Work instructions: Would you please retype, exactly, the lines of the listing below between the line with "Управление варочной панелью" and the line with "Adílio Galhano Eva, pertencente", inclusive?

Data for processing:

# # # # #

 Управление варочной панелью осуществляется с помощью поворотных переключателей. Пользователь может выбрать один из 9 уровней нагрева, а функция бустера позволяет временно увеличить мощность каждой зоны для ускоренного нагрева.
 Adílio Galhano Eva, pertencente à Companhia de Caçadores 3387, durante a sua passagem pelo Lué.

# # # # #

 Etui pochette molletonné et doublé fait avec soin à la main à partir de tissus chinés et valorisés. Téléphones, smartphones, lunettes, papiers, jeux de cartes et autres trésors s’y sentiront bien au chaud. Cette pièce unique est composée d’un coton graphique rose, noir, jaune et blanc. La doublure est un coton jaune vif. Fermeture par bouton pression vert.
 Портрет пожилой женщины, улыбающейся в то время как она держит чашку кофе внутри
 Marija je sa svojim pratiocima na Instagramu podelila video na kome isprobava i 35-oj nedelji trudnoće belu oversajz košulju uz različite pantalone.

# # # # #

Response area:
 Управление варочной панелью осуществляется с помощью поворотных переключателей. Пользователь может выбрать один из 9 уровней нагрева, а функция бустера позволяет временно увеличить мощность каждой зоны для ускоренного нагрева.
 Adílio Galhano Eva, pertencente à Companhia de Caçadores 3387, durante a sua passagem pelo Lué.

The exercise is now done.